Barbarian Police Can Legally Place Trojans On PCs

very efficient

[speedtux (1307149)]

RFSs may be used in cases of an "urgent threat to the existence or the security of the Federation or a country or physical, life or liberty of a person...

Apparently, they are drawing on a century of experience that Germany has with intrusion into people's private lives, both under right wing and left wing extremist states. Even the language of the law itself is... classic.

Fruit of the Poisoned Vine

[redelm (54142)]

Ah well, the Bavarians are doing their independence thing, sharply deviating from the Federal Verfassungsgericht. And probably from the EU Charter of Rights and Freedoms. They know it, and are doing it precisely for that effect.

But watch: there will be abuses immediately (cops cannot help themselves, they have a compulsion to "fight crime") and in about 3 years one will be egregious and funded enough to make it to seriously senior courts. Then one of these (especially the EU) will seek to exert its' jurisdiction with a ruling like the US "fruit of the poisoned vine" doctrine.

Odd thing is, the bayricherbeamter are anything but stupid and may even see and desire this.

So, this is what one needs to do:

[mlwmohawk (801821)]

Run Linux
Encrypt Boot and home disks.
Encrypt everything.
md5sum *everything*
Boot off a knoppix or install CD periodically.
Keep a spare motherboard around and/or change motherboards frequently.
Always buy a name brand ethernet card that is a different chipset than your motherboard.
Run wireshark on your laptop which you *NEVER* let out of your sight.

Remember, thieves will only steal your stuff. The government will steal your life and liberty if it is politically possible.

I think I spot a teeny, tiny flaw...

[nick_davison (217681)]

The RFS may be used to read, delete, and alter data.

So, getting this straight... They have the right to modify data in ways that can't be [reasonably] detected... and then they can use this data to press charges?

"Of course not your honor! It was different data we changed. The incredibly convenient file that says, 'I am guilty, it's a fair cop, guv! Oh yeah, it was me!' was there all along."

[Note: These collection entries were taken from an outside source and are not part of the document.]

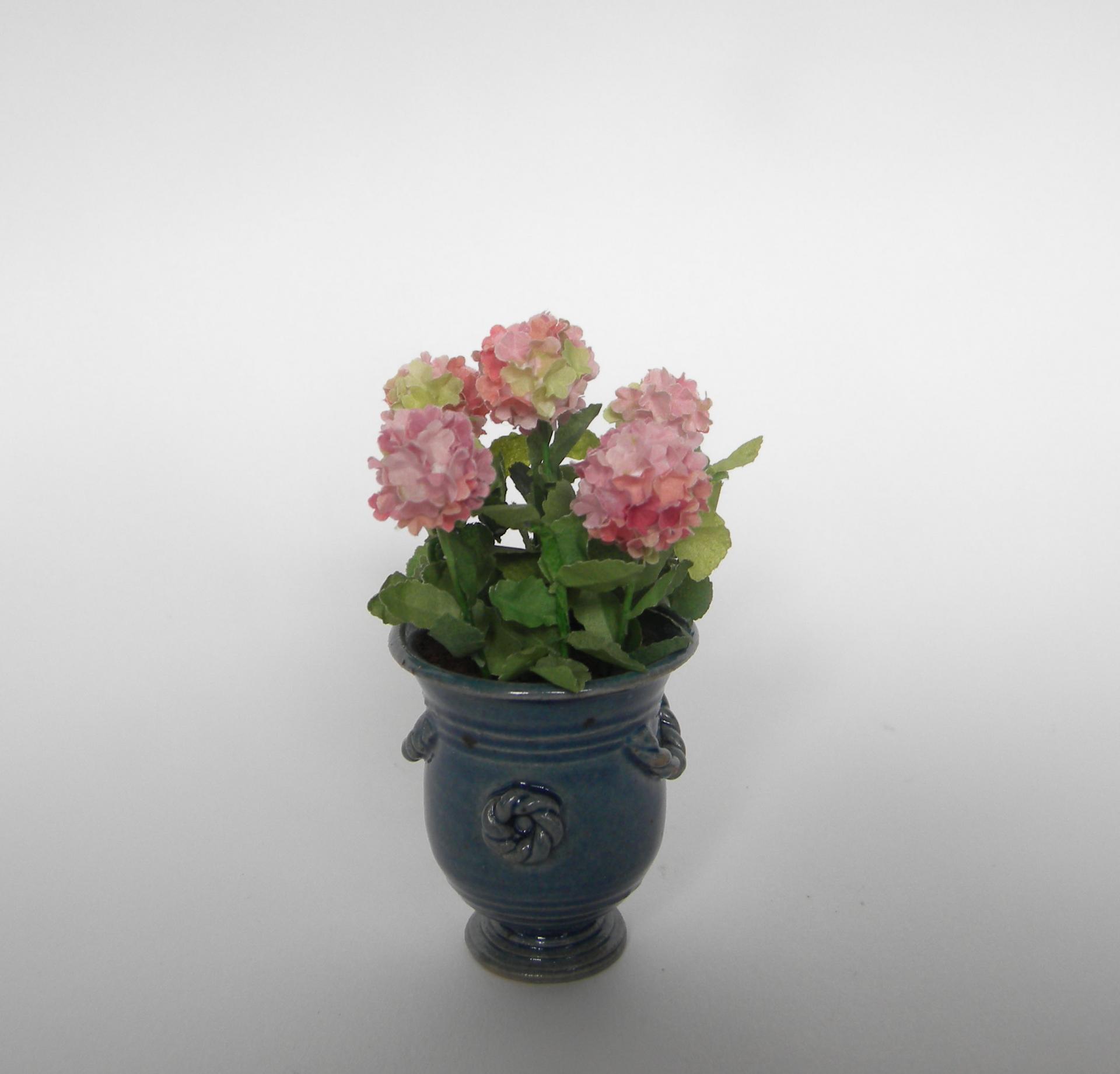 Hortensia miniature rose nuancé de vert dans un pot d'Anduze bleu créé par la miniaturiste Elisabeth Causeret
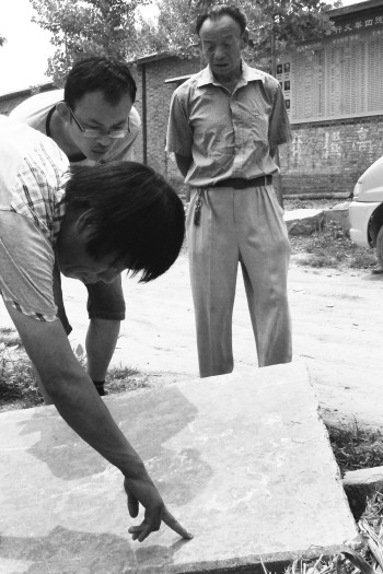 东魏村支部书记梁希庆辨认残存石碑上面的字迹。
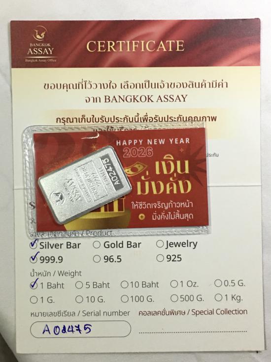 เงินแท่งบริสุทธิ์ 999.9% ขนาด 1 บาท หรือ FINE SILVER 999.9% พร้อม certificate
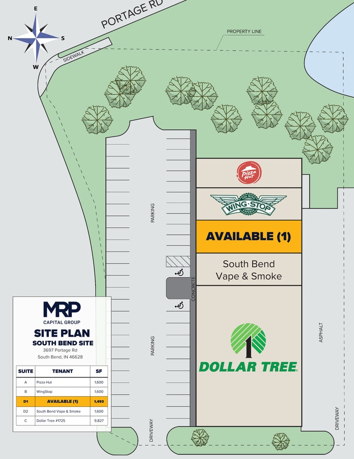 Located an 8-minute drive from the University of Notre Dame campus, this shopping center is across the street from a high-performing Meijer with 2.1M annual visits that draws shoppers from both the university and from surrounding small towns. Portage Road sees 12,000+ vehicles per day, ensuring a steady stream of customers and high visibility for your business, making it the perfect location for retail, healthcare services, or a restaurant.
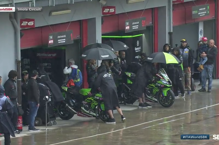 MOTOR Plus-online.com - Cuaca tidak bersahabat saat akan berlangsung Race 2 WSBK Italia 2019.
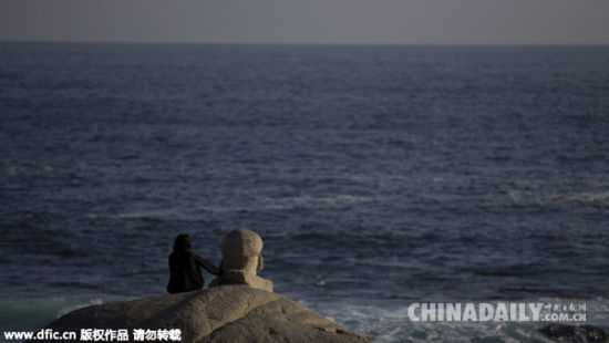 一名男子坐在诺贝尔文学奖得主,智利诗人聂鲁达的半身雕像旁边俯瞰大海。(图片:东方IC)
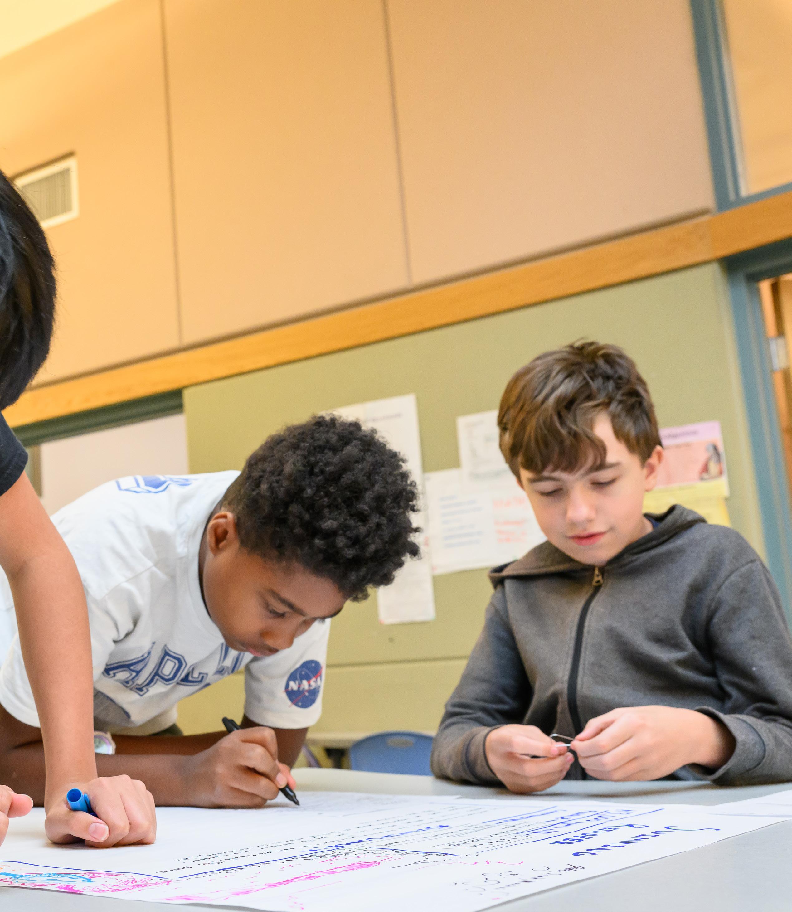 Students in grades 6–9 have the opportunity to select from dozens of highengagement electives across sciences, engineering, social sciences, and humanities. These courses are developed and refined by our intellectually charged and creative educators who align the curriculum to students’ interests and strengths, as well as to current events and innovations. By incorporating primary source material and focusing on real-world applications, these elective courses emphasize the development of core capacities and academic skills while maintaining high school-level content and rigor.
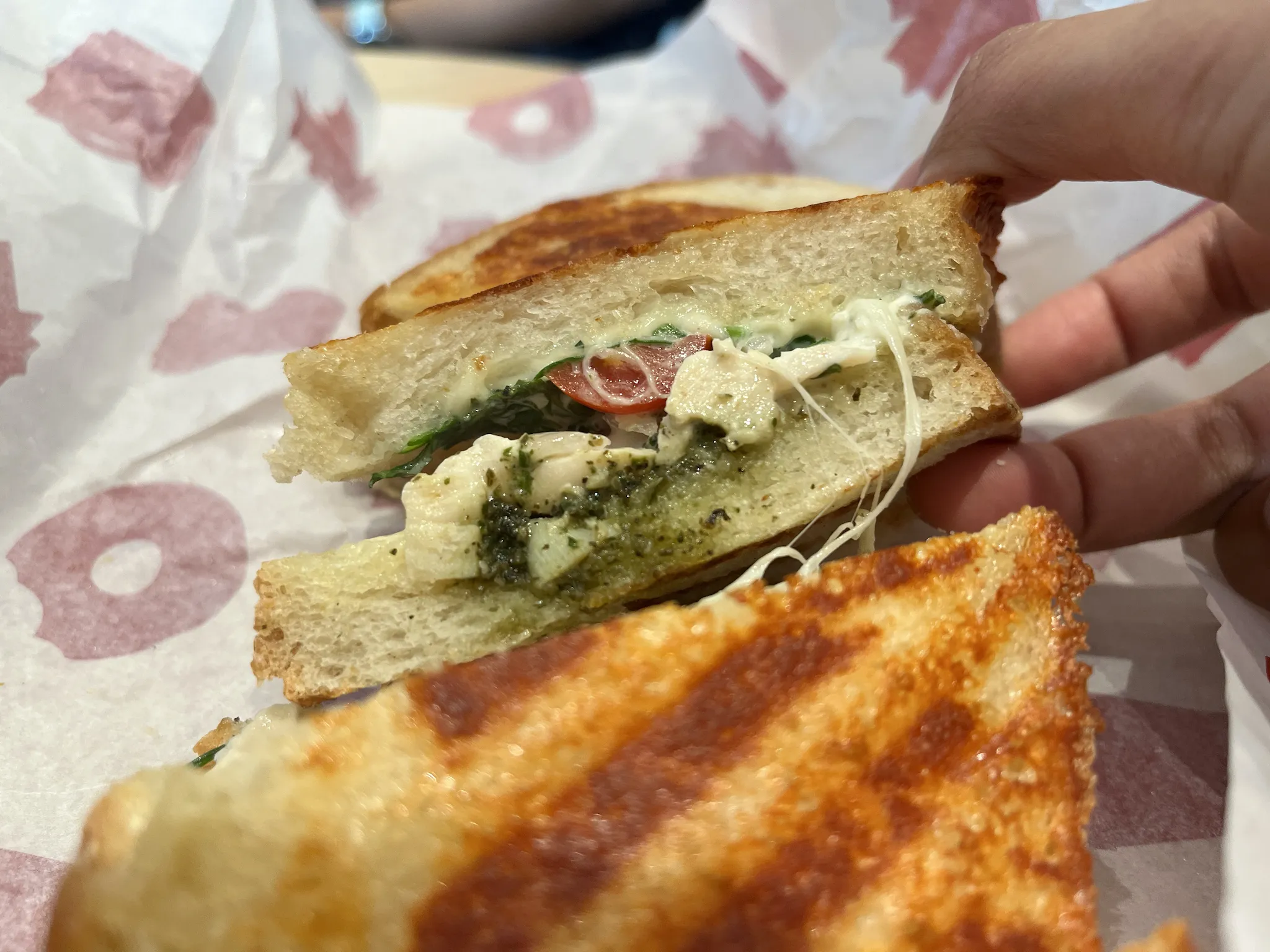 Need a quick lunch? Tim Hortons has savoury options too. Six sourdough melts make up the menu. Choose from truffle egg mayo cheese, triple cheese and caramelised onion, truffle mushroom, maple glazed chicken ham and cheese, tuna sriracha cheese, and pesto chicken mozzarella ($8.90-$9.90). The melts are lighter than you would expect and are made hot on the spot.

You're on incredibly shaky ground when you allow the police to manufacture information where they may subsequently use information to support charges. As soon as one dirty cop gets caught manufacturing evidence, you've devalued the entire method for gaining it. How long before the standard defense becomes, "My client has never seen that file before. Given the police routinely add and modify files on people's computers, prove beyond a reasonable doubt that they didn't put it there themselves and then change the logs to simply make it look like my client did it."

Re:

[Creepy Crawler (680178)]

It'd be fun to disassemble, thats for sure.

Re:

[KingOfBLASH (620432)]

A trip wire like for a land mine or methods of destroying the data? I wonder how the defense would stand up in court "I'm sorry judge, if they'd presented me with a warrant I could have given them what they wanted -- but my anti-corporate espionage system destroyed all my data"

Re:Threat to liberty...

[Hatta (162192)]

Yeah it's funny when you put it that way, but that's how it usually is. When a government takes an action under the guise of national security, the nation is actually less secure because a stronger government is a greater threat to liberty.